I referred my friend for 700 bonus. He finished last thursday, i got my bonus right away but he has yet to get his. And under the invites section of the app it shows him completed but with a 0 dollar reward...

Anyone know wtf is going on?


----------



## tohunt4me (Nov 23, 2015)

Uber is breaking him in.


----------



## tohunt4me (Nov 23, 2015)

Uber : Taste the Disappointment.


----------



## crazy916 (Jul 6, 2016)

It was the tricky new wording of the bonus for new driver. This is no longer a sign up bonus, but a guaranteed earning for new drivers. The new one says you are guaranteed to earn x amount after you first y trips. In my area it is $700 for 100 trips. After your first 100 trips they take your net earnings and subtract it from the guaranteed amount and pay out the difference.

Your friend most likely earned more the guaranteed amount. He will get nothing more.


----------



## Xmikem1967x (Sep 13, 2016)

I am a new driver and this happened to me I was supposed to get a hundred bucks after my first 50 rides they took my net earnings and ended up giving me 43 but because of the wording of the email I *****ed and complained and complained and *****ed I probably sent them 20 emails back and forth I end up getting my other $57 you have to fight them you have to not give up eventually it will take care of you


----------



## Fireguy50 (Nov 23, 2015)

No bonus, I'm shocked, SHOCKED!


----------



## firent (Aug 29, 2016)

Aharm said:


> I referred my friend for 700 bonus. He finished last thursday, i got my bonus right away but he has yet to get his. And under the invites section of the app it shows him completed but with a 0 dollar reward...
> 
> Anyone know wtf is going on?


LOL


----------



## ChortlingCrison (Mar 30, 2016)

Aharm said:


> I referred my friend for 700 bonus. He finished last thursday, i got my bonus right away but he has yet to get his. And under the invites section of the app it shows him completed but with a 0 dollar reward...
> 
> Anyone know wtf is going on?


It's ubers way of giving him the "red" carpet treatment.


----------



## ShinyAxle (Aug 27, 2016)

Why are you (comments) people so sullied? Why do you bag on Uber, and continue to drive for them?


----------



## Xmikem1967x (Sep 13, 2016)

Actually I really wasn't bagging on uber but I was saying how I'm not going to put up with anybody saying one thing and then doing another especially when it comes to the money that I'm trying to make for my family if you make a commitment you should follow through if you don't follow through you're going to hear from it from me until you give me what you promised me.

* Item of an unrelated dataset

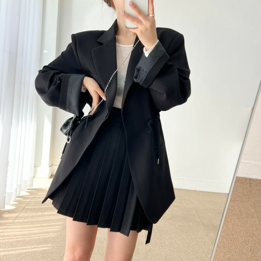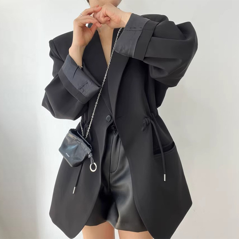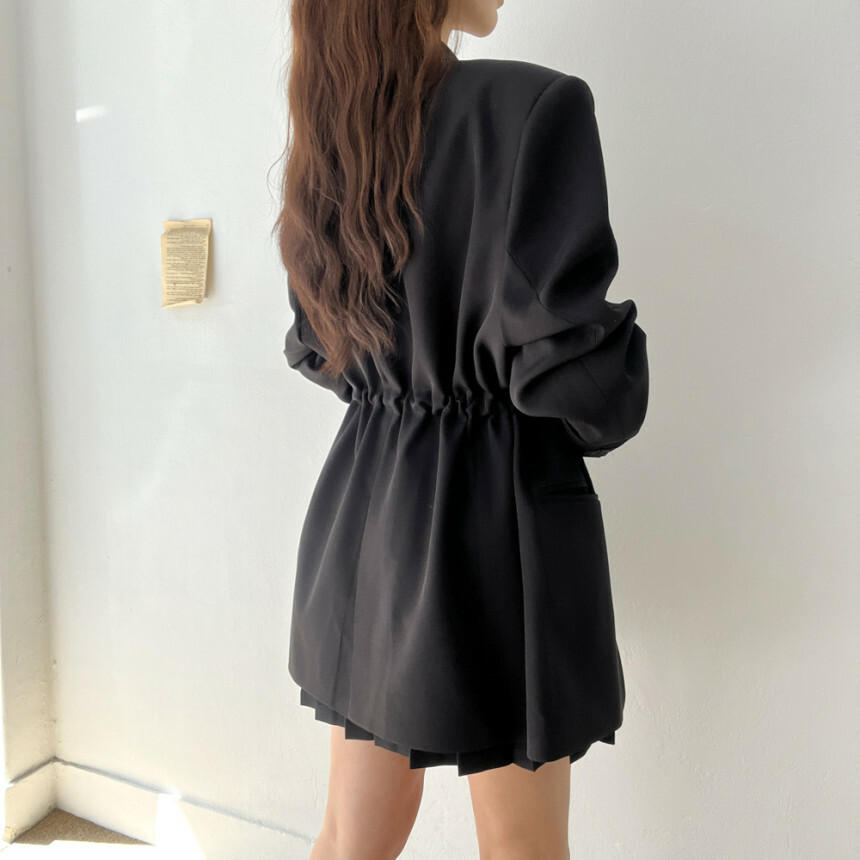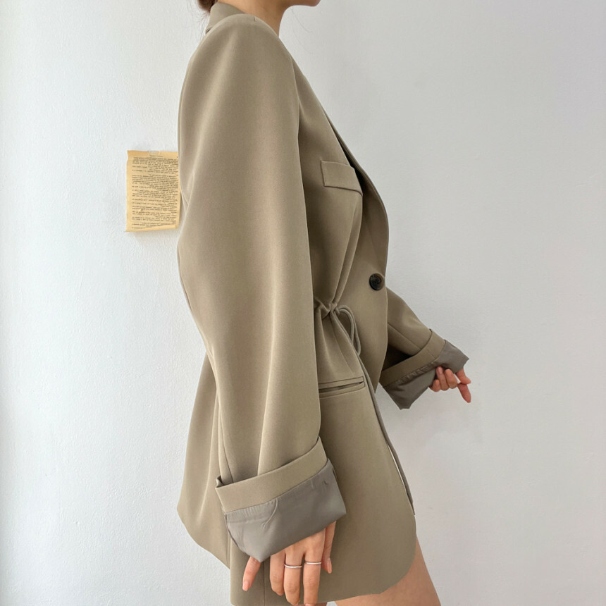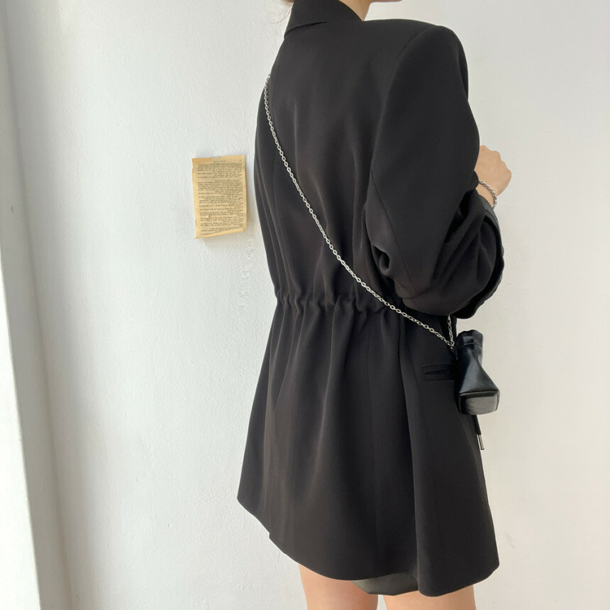 這件商品是採用簡約俐落的長版西裝剪裁,搭配收腰抽繩設計,能彰顯女性的迷人曲線。面料選用高質感的材質,有卡其色與黑色可選。利落的廓型與袖口設計,適合搭配各種造型,為造型增添優雅氣質。無論是上班族或是休閒約會,都能展現時尚氣質。

If it would have been communicated that it wasn't a guaranteed bonus that it was actually a guaranteed Revenue subtracted from what you really made then I wouldn't have missed it all because I would have known what I was getting myself into.


----------



## Xmikem1967x (Sep 13, 2016)

I can only speak for myself but if you are truthful and upfront with me you will get much more respect and understanding from me , rather than BS me and say one thing but do another.


----------



## crazy916 (Jul 6, 2016)

The money isn't too bad and there is nothing wrong with holding someone to their word. Especially when it come to money that you are owed. I have had to fight several times to get paid incentives by uber. If you don't back dowb eventually they will pay.


----------